22 setembro 2016 - 18h39Gerciane Alves

Inoperante há exatos dez dias, o Sigo (Sistema Integrado de Gestão Operacional,onde são registrados os boletins de ocorrências deve voltar a funcionar nas próximas 24 horas. É o que afirmou na tarde desta quinta-feira (22) durante coletiva de imprensa o secretário de Justiça e Segurança Pública, José Carlos Barbosa.

Durante a coletiva, o secretário deu detalhes do novo contrato firmado com a empresa responsável pelo sistema. Pelos próximos quatro anos a Sejusp (Secretaria de Estado de Justiça e Segurança Pública), Sefaz (Secretaria de Estado de Fazenda) e Detran (Departamento Estadual de Trânsito) dividirão o valor do contrato com a empresa que custará R$ 760 mil mensais.

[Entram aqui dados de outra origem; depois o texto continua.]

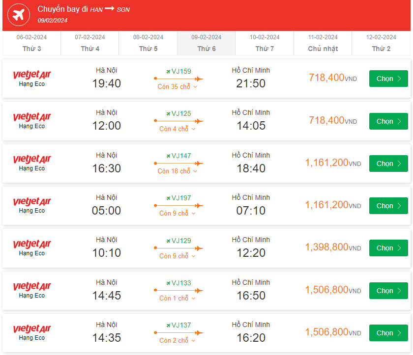 Hà Nộ đi Hồ Chí Minh (HAN) Mồng 09/02/2024 Mồng 30/12/2023

Esta é uma das novidades, já que até então os gastos com o sistema eram pagos apenas pela Sejusp, que neste novo contrato arcará com o valor de R$ 350 mil. A Sefaz pagará R$ 218 mil e  Detran, R$ 191 mil. O secretário destacou que com o montante que será economizado daqui em diante melhorias poderão ser realizadas na área de segurança pública.

“O valor economizado será investido em melhorias na infra-estruturar, aquisição de veículos, armamentos, munições, treinamentos dos nossos policiais. Enfim, cada centavo economizado será revertido em investimento para a própria estrutura de segurança pública”, salientou Barbosinha.

Outra alteração é que a partir de agora órgãos como o Tribunal de Justiça do Estado terão acesso a informações que antes eram restritas à polícia com a integração com o SAJ (Sistema de Automação da Justiça). “O magistrado, por exemplo, terá acesso ao laudos periciais para que ele possa em uma relação envolvendo família aplicar uma medida restritiva tendo acesso o laudo pericial”, diz. 

A partir do contrato firmado, o secretário também ressaltou que será cobrado funcionalidade. “Neste momento o Estado e a Sejusp não exigem nada porque se eu não tenho um contrato e eu não e estou remunerando, eu não tenho como exigir da empresa nada além do que funcionalismo passa. A partir do momento que eu tenho um contrato assinado, obviamente nós vamos passar a exigir toda a funcionalidade”, disse.

Uma das exigências será em relação aos bloqueadores de sinais de celulares em unidades penais de Mato Grosso do Sul. Os equipamentos instalados são de responsabilidade da empresa contratada. “O contrato impõe a obrigação da empresa, no regime comodato, de fornecer esses equipamentos para bloquear os sinais nos sistema penal. A partir da assinatura do contrato passa essa regra a vigorar”, conta.

O secretário explica que a empresa precisará fazer algumas modificações e aperfeiçoamento para que tudo funcione bem e que precisará de tempo para isso, mas independente disso o serviço tem que funcionar.  “Obviamente a empresa precisará de um espaço de tempo para poder adquirir novos equipamentos, mas o que nós vamos exigir é que, seja com equipamentos novos ou com os existentes, que efetivamente os sinais sejam bloqueados”, explica Barbosinha. 

Barbosinha ressaltou que a demora em resolver o contrato com a empresa se deu por problemas burocráticos e a “preocupação em fazer com que esse contrato do ponto de vista técnico fosse satisfatório, mas também do ponto de vista econômico e financeiro atendesse aos interesses da secretaria de justiça”.

O prazo para que o sistema volte a funcionar é de 24 horas e o secretário ainda contou que a secretaria pode tirar uma lição disso tudo. “A lição importante é de que a estrutura do Estado, a Secretaria de Segurança Pública não pode ficar dependente de uma empresa ou de um sistema. Nós vamos buscar a construção de processos que nos permitam não ter essa dependência como nos temos hoje para que fatos dessa natureza, na eventualidade de problemas com a empresa ou contratual, a área de segurança pública não fique prejudicada”, conclui.